BNN
- Type: Public broadcasting
- Country: Netherlands
- Availability: Netherlands
- Founded: 1997 by Bart de Graaff, Gerard Timmer, and Frank Timmer
- Dissolved: 1 January 2014
- Former names: Bart's News Network (1997–1998) Brutaal News Network (1998–2002)
- Official website: bnn.nl
- Replaced by: BNNVARA

= BNN (Dutch broadcaster) =

1997–2014 Dutch public broadcaster

BNN (/nl/), short for Bart's Neverending Network (formerly Bart's News Network and later Brutaal News Network, as a pun on CNN), was a Dutch public broadcasting association supported by Netherlands Public Broadcasting. BNN was founded in 1997 by Bart de Graaff, Gerard Timmer and Frank Timmer and targeted teenagers and young adults. It produced entertainment and information television programming, radio programming, and feature films. Some of BNN's programming dealt with controversial subject matter, including most famously, a hoax reality special made to help raise awareness of the shortage of organ donors in the Netherlands.

==History==
BNN became a public broadcasting association as a part of the Netherlands Public Broadcasting system on 15 August 1997, replacing former member Veronica. While Dutch media in general is known to be liberal in coverage of sexuality and drugs, even BNN's programming has been considered controversial.

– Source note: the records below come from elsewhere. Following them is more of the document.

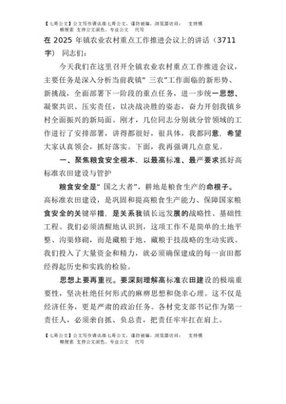 【七哥公文】2025年:在2025年镇农业农村重点工作推进会议上的讲话(3711字)+更多免费公文+VX:QiGeGongWen2024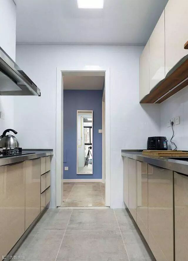 进门就是厨房,由于通往生活阳台就做成了双线性的,水槽和灶台分开在两边。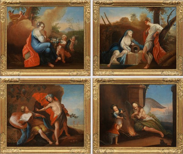Szenische Darstellungen die Jahreszeiten repräsentierenden, mythologischen Götterfiguren in südlichen Landschaften: der "Frühling" mit der Göttin Flora und Engeln; der "Sommer" mit einer Quellnymphe und der Göttin Ceres sowie deren Attributen Ährenkranz, Ährengarben und Schlange; der "Herbst" mit dem Gott Bacchus als Jüngling mit Weintrauben und -reben sowie ruhender weiblicher Figur; der Winter als frierende, ältere, männliche, geflügelte Götterfigur, dem zwei Putti ein wärmendes Feuer entfachen. Bisher nicht dokumentierte Frühwerke Enderles mit außergewöhnlicher weltlicher Thematik. Der Künstler lernte bei seinem Onkel Anton Enderle aus Günzburg (1700 - 1761) und gehört zu den besten Malern des schwäbischen Rokoko. Seit 1753 wurde Enderle ein gefragter Maler für religiöse Themen, besonder nachdem er 1755 er eine eigene Malerwerkstattt in Donauwörth übernahm, führte danach zahlreiche bedeutende Aufträge zur malerischen Ausstattung von Kirchen durch Altarbilder und Fresken aus. Öl/Lwd., teilw. doubl.; Das Gemälde mit Winter-Szene verso sign. u. dat. 1749. Teilw. Etiketten des Kunsthändlers Siegfried Kuhnke, München, 36. Deutsche Kunst- und Antiquitäten-Messe München 1991. Jeweils 58 cm x 72 cm. Rahmen.

Some of BNN's programs have included "Try Before You Die" – where presenters attempted to do things that they think people should do at least once in their life, made headlines when presenter Sander Lantinga acted as a streaker during a quarter-finals match at Wimbledon between Maria Sharapova and Elena Dementieva.

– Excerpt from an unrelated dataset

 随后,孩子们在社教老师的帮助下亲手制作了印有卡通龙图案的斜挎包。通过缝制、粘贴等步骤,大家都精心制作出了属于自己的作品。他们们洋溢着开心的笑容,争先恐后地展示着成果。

In May 2007, five years after the death of Bart de Graaff, who had suffered from kidney failure for almost all of his life, BNN announced "De Grote Donorshow" (The Big Donor Show), an initiative for promoting the filling in of a codicil for organ donation, in which three contestants would strive to be the recipient of a kidney donated by a terminally ill woman. The show aired on 1 June; at the end of the show it was revealed to be a hoax, attempting to draw attention to the low number of organ donors in the country.

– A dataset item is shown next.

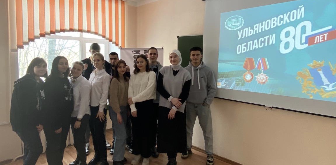 Куратор студенческого правового центра УлГАУ Марина Шпак провела для студентов 2 курса колледжа агротехнологий и бизнеса мероприятие, посвященное празднованию юбилея региона, и рассказала о символике Ульяновской области.

BNN merged with the VARA on 1 January 2014 to form BNN-VARA.

== Notable television shows ==
- Cash Cab (Dutch version)
- De Grote Donorshow
- De Lama's
- Neuken doe je zo!
- Spuiten en Slikken

== Presenters ==
- Bart de Graaff (1998–2002)
- Bridget Maasland (2000–2005)
- Eric Corton (2005–2017)
- Edo Brunner (2006)
- Hanna Verboom (2004–2006, 2008)
- Katja Schuurman (2001–2008, 2013–2014)
- Ramon Stoppelenburg (2005)
- Nicolette Kluiver (2006–2013)
- Patrick Lodiers (2001–2014)
- Ruud de Wild (1998–2004)
- Sander Lantinga (2005–2015)
- Wouter van der Goes (2004–2006)
- Yolanthe Cabau van Kasbergen (2007–2008)
- Floortje Dessing (2009–2015)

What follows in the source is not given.